Picking One Player to Build a Football Team Around
It sounds like an easy assignment, but it’s anything but.
Here’s the scenario: you are the manager of a newly formed football club and you can pick one player—any player, but only one—around whom to build your team.
Let that roll around in your head for a moment.
There are reasonable arguments to be made for a handful of world-class players of various positions. A natural goalscorer is always nice to have, but then again a creative midfielder turns most of his teammates into weapons. And what about top goalkeeper or stud defender? Your club won’t get very far if it leaks goals.
In the following slides I have laid out some of the traits I considered in making my selection. Hopefully they’ll explain why I chose the player I did. In the second-to-last slide I reveal the position of the player, and in the final slide I divulge who he is.
Let’s get to it.
Leadership
1 of 6It won’t do much good if the player you’re building an entire team around can’t wear the armband.
When constructing a team from scratch, you have to assume most of the players will have never played together before, and they’ll require a stabilizing influence to smooth the transition from awkward introductions to effective football.
Therefore, I’ve selected a player supremely confident in his own abilities, widely respected as one of the best at his position and an individual his managers for both club and country have trusted with a leadership role.
A Balance of Youth and Experience
2 of 6If age were of no consequence in this exercise I’d be picking Rio Ferdinand, but he’d only be able to give me 25-30 matches a year and for maybe just one or two more seasons.
If a chairman is entrusting you with a significant sum of money to use for acquiring a player around whom to build a team—his team—that player had better be in the prime of his career and still have at leave five years of top-level football left in him.
Ideally, he will also have won things at his previous clubs. There is no substitute for a winning mentality. If I was overlooking experience and considering only physical ability, I’d be after Raphael Varane, or someone of his ilk.
At this point I’m sure you’re beginning to sense the direction in which I’m headed.
First Ball
3 of 6The player around who I am building a team will not misplace his first pass; he will not concede possession in his first act after receiving the ball. Rather, he will keep the time he spends on the ball to an absolute minimum, finding a teammate with his first effort or scampering up the field, whatever the situation requires.
Think of Xavi and Andres Iniesta at Barcelona.
Neither of them are much known for giving the ball away. Quite the contrary. It’s because of Xavi and Iniesta that Barcelona’s possession-oriented football has become an identity, that tiki-taka has become synonymous with an entire generation of Barcelona players.

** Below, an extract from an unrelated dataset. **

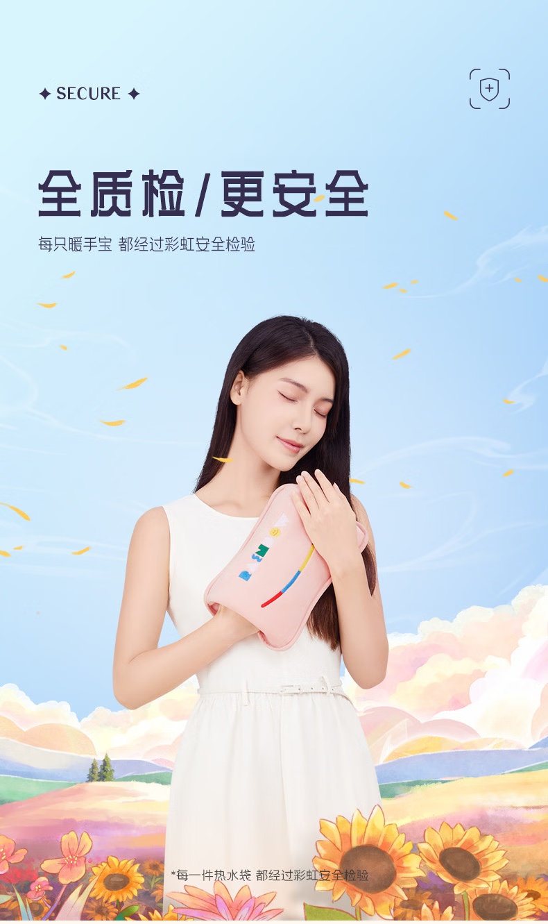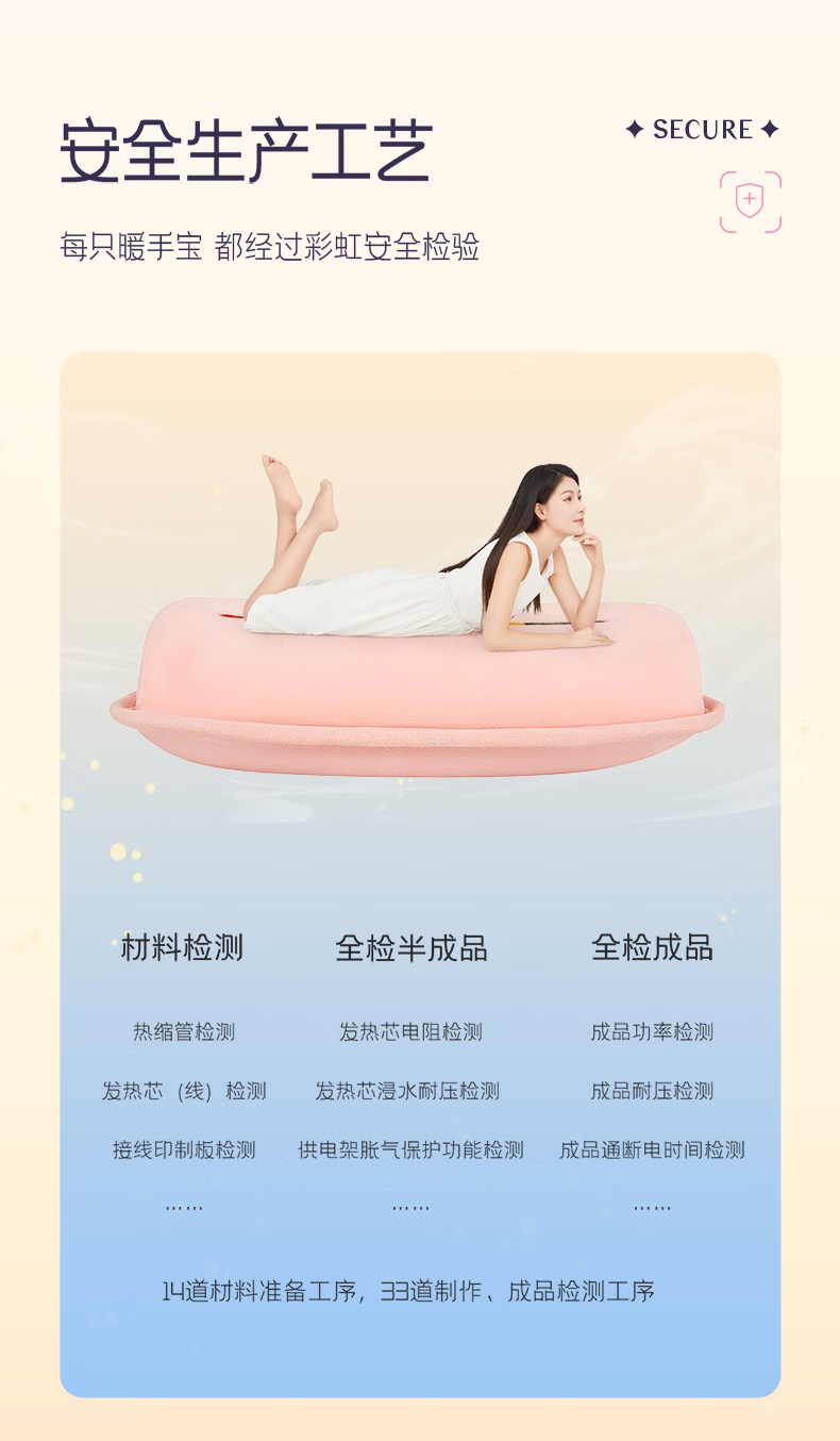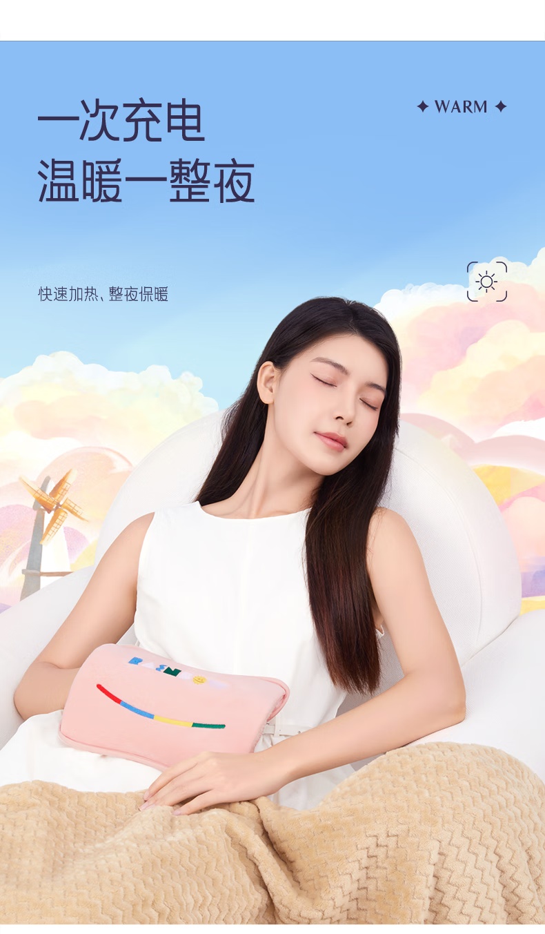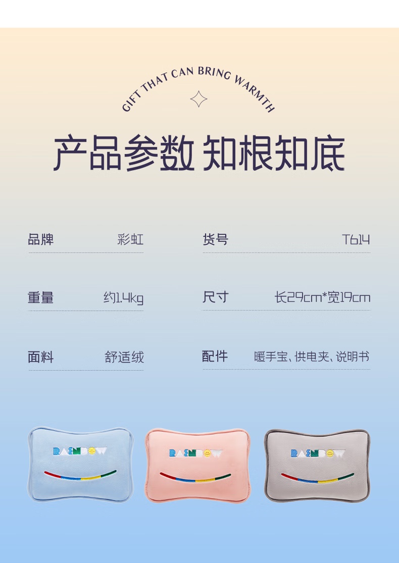 RAINBOW 彩虹免洗加厚亲肤绒插手电热暖手宝 粉色

They never spend more time on the ball than is absolutely necessary. Their movements are efficient and minimize risk. I’m looking for similar attributes in my player.
Positional Dominance
4 of 6It should go without saying that any player around whom a team is built dominates his position to an extent that his teammates don’t have to worry about that patch of the pitch. They’re free to concentrate on their own responsibilities.

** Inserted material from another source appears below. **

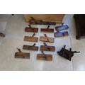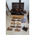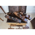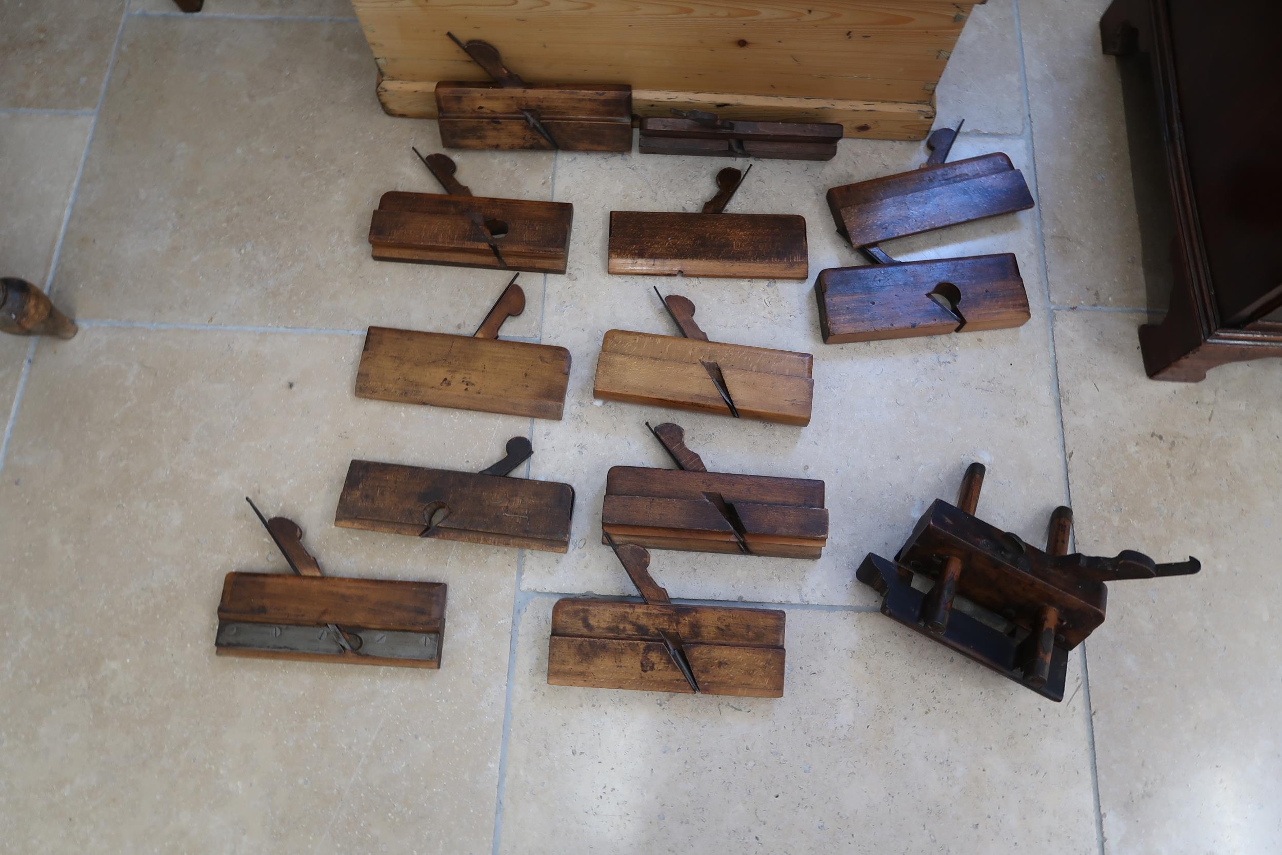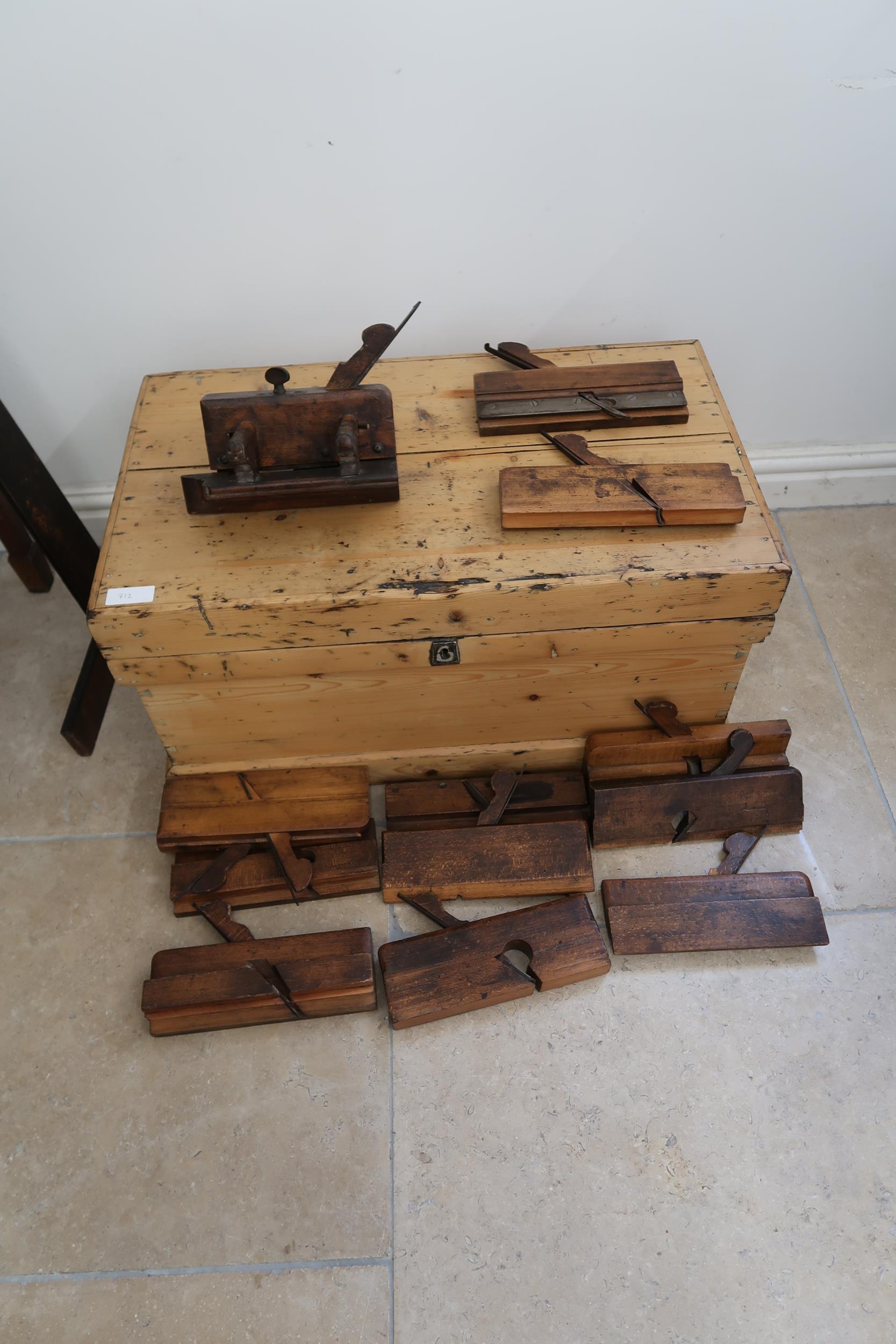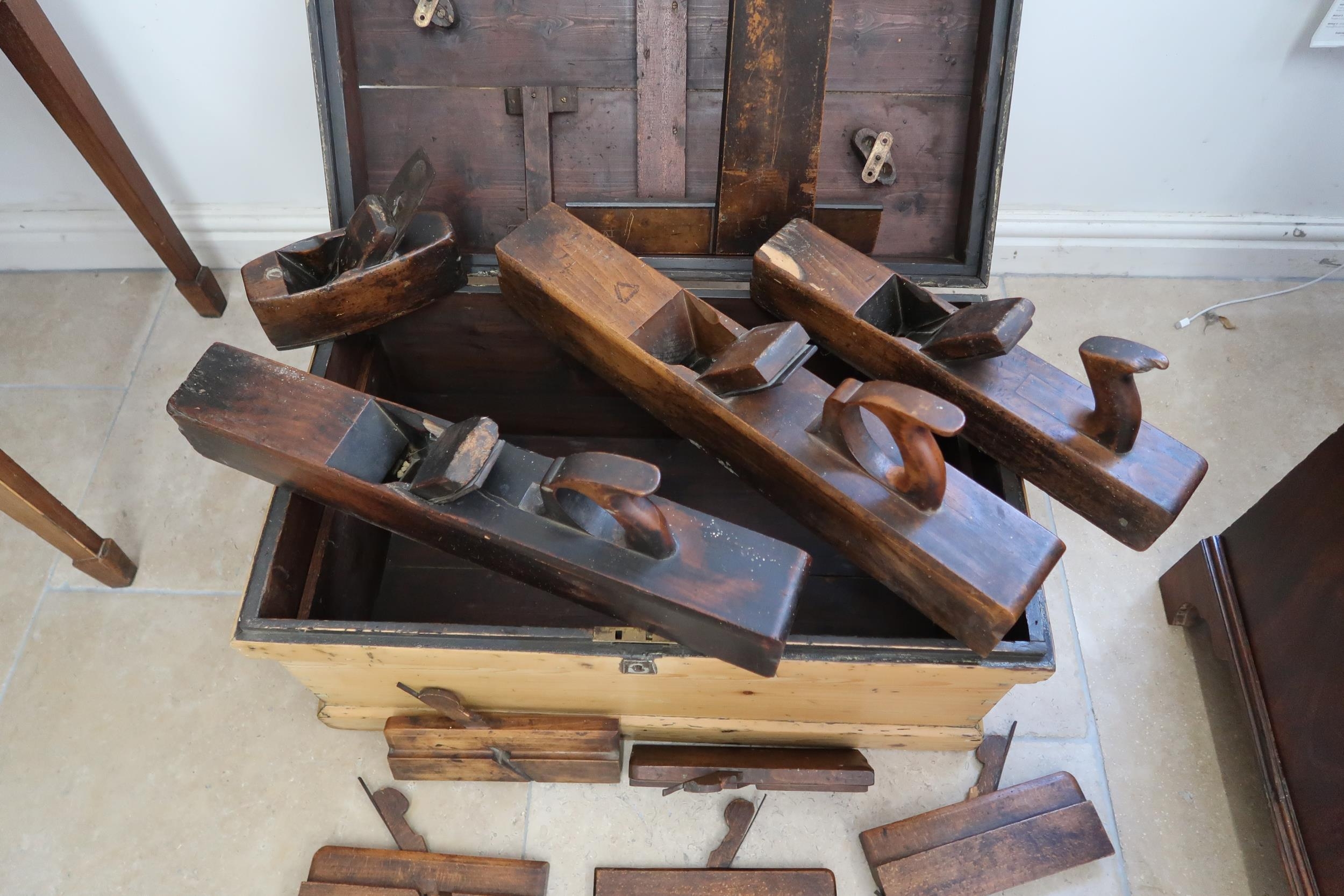 A 19th century pine chest with a collection of early woodworking tools

When Ronaldinho was enjoying his best years at Barcelona, he so controlled the left side of the park that it was almost as impossible for the opposition attack to get any joy down that side as it was for defenders to contain his movements. He dominated so much real estate that his teammates were able to overwhelm their opponents in other areas of the field.
I want my player to be so imperious in his role that his teammates are already thinking ahead to their own assignments, taking for granted that he won’t put a foot wrong in his position.
A Central Defender
5 of 6You’ve probably guessed by now that the player around whom I will build my football team will be a central defender.
As described in the previous slides, he will lead from the back, be in the prime of his career and yet have won a few trophies, play a faultless first ball and operate as a colossus in front of his own goal.
While natural goalscorers and creative midfielders are also necessary to any winning team, they have to get the ball before they can work their magic. And they won’t get the ball unless it is played to them accurately, without sacrificing defensive integrity.
Thiago Silva
6 of 6At 28 years of age, Thiago Silva is still in the early years of his prime and can be expected to play at an extremely high level for another five or six.
He is also a decorated footballer, having won the Copa do Brasil with Fluminense in 2007 and the Scudetto with AC Milan in 2011—the same year in which he was awarded the Serie A Defender of the Year gong and named to the UEFA Team of the Year, as he was again in 2012.
A natural leader, he has previously captained Brazil and currently wears the armband at Ligue 1 leaders Paris Saint-Germain. And as far as his athletic abilities are concerned, few defenders play as fine a first pass as Thiago Silva, and few keep as tidy a back line.
In a way, my selection has already been vindicated.
Paris Saint-Germain recently built a fantasy football team from scratch and, like me, they chose Thiago Silva as the player to build it around.